Dann kam der etwas unsicher wirkende Andreas Müller (Richter am Amtsgericht Bernau) als Privatperson auf die Bühne und referierte über seine Vorlage an das Bundesverfassungsgericht (DPMS INFO berichtete). Müller kritisierte das BverfG dafür, dass seine Vorlage verworfen wurde und wies auf andere Entscheidungen deutscher Gerichte hin, die bereits jetzt eine liberale Rechtsprechung bei THC-tangierten Delikten praktizieren würden.

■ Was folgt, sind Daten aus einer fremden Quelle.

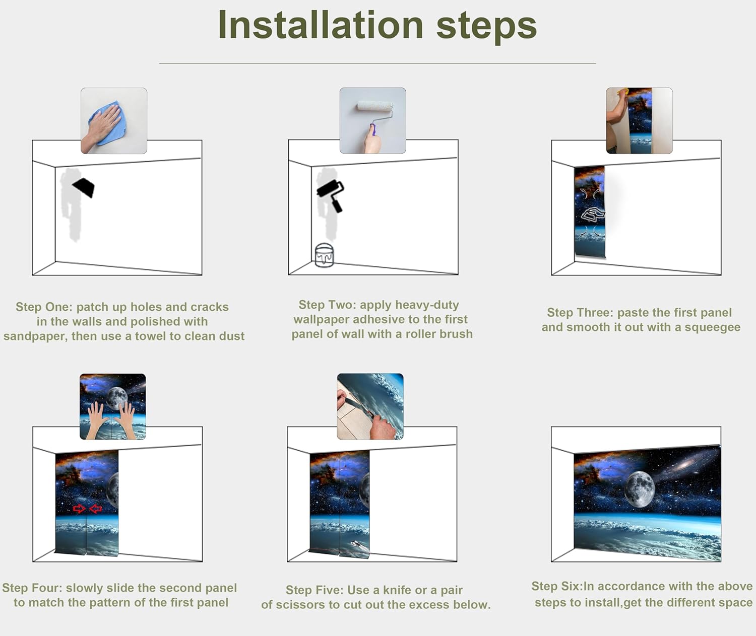 - INSTALLATION - 1.Fill in all cracks or holes and clean dust dirt and grease on the wall surface. 2. Apply the heavy duty wallpaper paste on the wall not mural. 3. Use a spirit level to mark first strip location. 4. match the pattern by sliding into place. 5.use a scraper to smooth out bubbles press. 6. Let dry for a few minutes and that's it! Please Note: Not self-adhesive. We recommend to use a standardized fleece wallpaper paste.
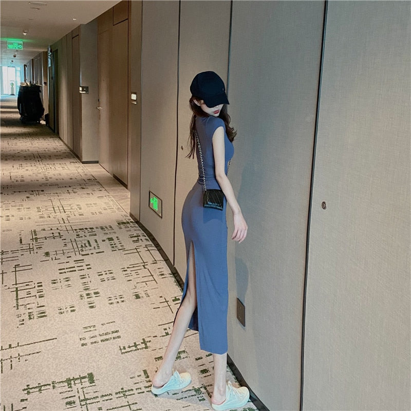 Summer Short Sleeve O-Neck Stretchy Split Dress Women Solid Casual Elegant Robe Bodycon Maxi Vestidos
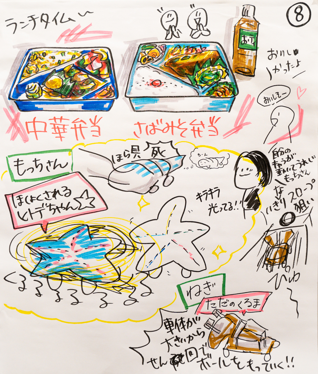 余談ですが、グラレコをしている時に出たご飯は必ず描くというマイルールがあるので、ご飯の描き込みだけ気合の入り方が違います(はたして良いのか悪いのか…)。ご飯が共通のものであれば尚更みんなの記憶にも残りやすいので、しっかり描くようにしています。私はサバ味噌弁当でした。美味しかったです。

Müller griff auch den SPIEGEL für die vor ca. einem Monat erschienene Titelgeschichte über Hanf an. Müller warf dem SPIEGEL “Churchill-Methoden” (Anm. d. Verf.) vor, weil man Statistiken “verfälscht” dargestellt habe, um eine nicht zeitgemäße Meinung zu proklamieren.

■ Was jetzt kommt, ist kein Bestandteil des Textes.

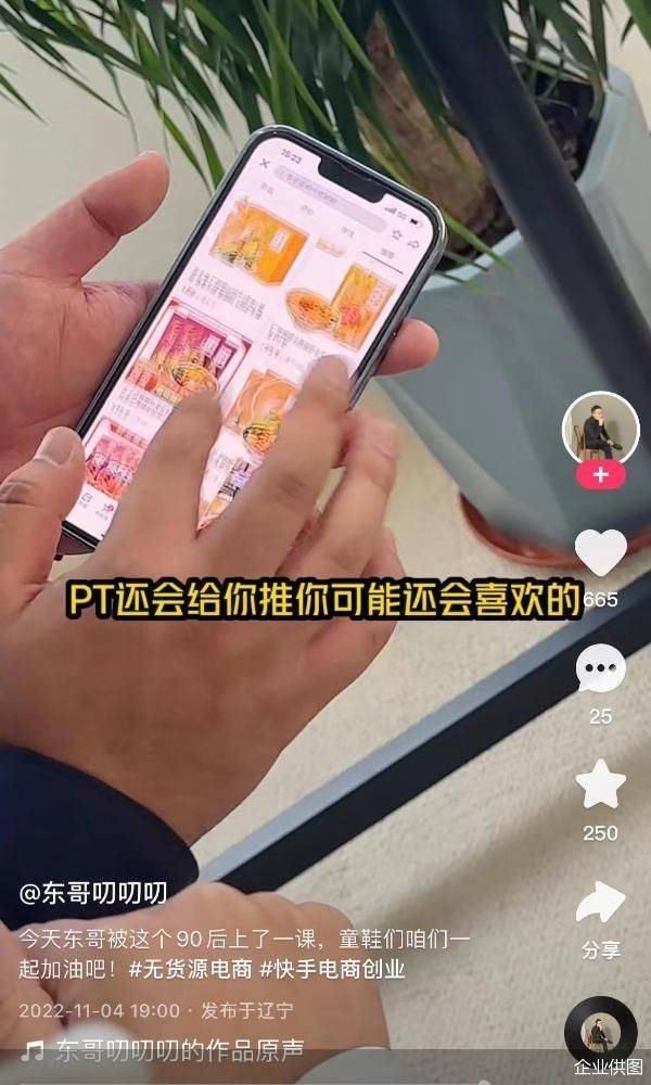 从那时起,东哥对小成本且不用囤货的轻模式格外关注,目前他合伙的有货源无库存电商项目就是轻模式。“简单说就是在短视频直播平台上开一个网店,自己选品,供应链负责发货,不需要直播也不需要发视频,有订单就能挣钱”,用从业者的话说,“重要的是选品,要踩上短视频直播电商的红利”。

Meine Feststellungen: Auf der Veranstaltung wurde sehr viel Alkohol konsumiert, viele Menschen waren bereits am Nachmittag mittelstark berauscht. Diejenigen, die am lautesten Parolen röhrten, waren meist schon stark betrunken. Die Luft rund um den Oranienplatz war natürlich rauchgeschwängert und überall roch es süßlich nach verbrannten THC-Produkten. An allen Ecken wurde “öffentlich gebaut”, Joints machten die Runde und teilweise wurden sogar Wasserpfeifen “durchgezogen”. Die Polizei war zwar präsent, wollte jedoch nach Angaben eines Verantwortlichen nur dann eingreifen, wenn Personen beim “dealen” beobachtet würden. Ich hatte den Eindruck, dass die meisten Polizisten gar nichts sehen wollten und ihnen die Aufgabe unangenehm war. Einer der Teilnehmer erzählte mir aber, dass seinen Freunden von der Berliner Polizei THC-Produkte weggenommen, ohne dass die Personalien aufgenommen oder ein Platzverbot ausgesprochen worden wären. Er hatte den (paranoiden) Verdacht, dass es sich nicht um echte Polizisten gehandelt habe. Er würde sich ja als Obdachloser vor jeder polizeilichen Maßnahme die Ausweise der Polizisten zeigen lassen und bei einer Beschlagnahme auf ein Protokoll bestehen. Außerdem habe er seine Freunde noch davor gewarnt, direkt auf der Parade zu “kiffen” und empfohlen bis zum Abend damit zu warten. Deshalb habe er jetzt noch etwas “Hasch”. Ein gut informierter und pragmatischer Punk eben.
Meine Meinung ist, dass der Konsum von THC nur dann unbedenklich ist, wenn der Geist des Konsumenten dafür geschaffen ist. Von Nichts kommt nichts. Und Paracelsus wusste auch schon, dass man einer Pflanze nicht mehr Dünger gibt, um diese besser und schneller zum wachsen zu bringen. Wer zuviel düngt, richtet Schaden an. Die Freigabe von Hanf muss mit einer groß angelegten Aufklärungskampagne einhergehen. Der Umgang mit Drogen ist in unserer Gesellschaft unvernünftig, widersprüchlich und führt auf Dauer zum Untergang, wenn nicht hart gegengesteuert wird.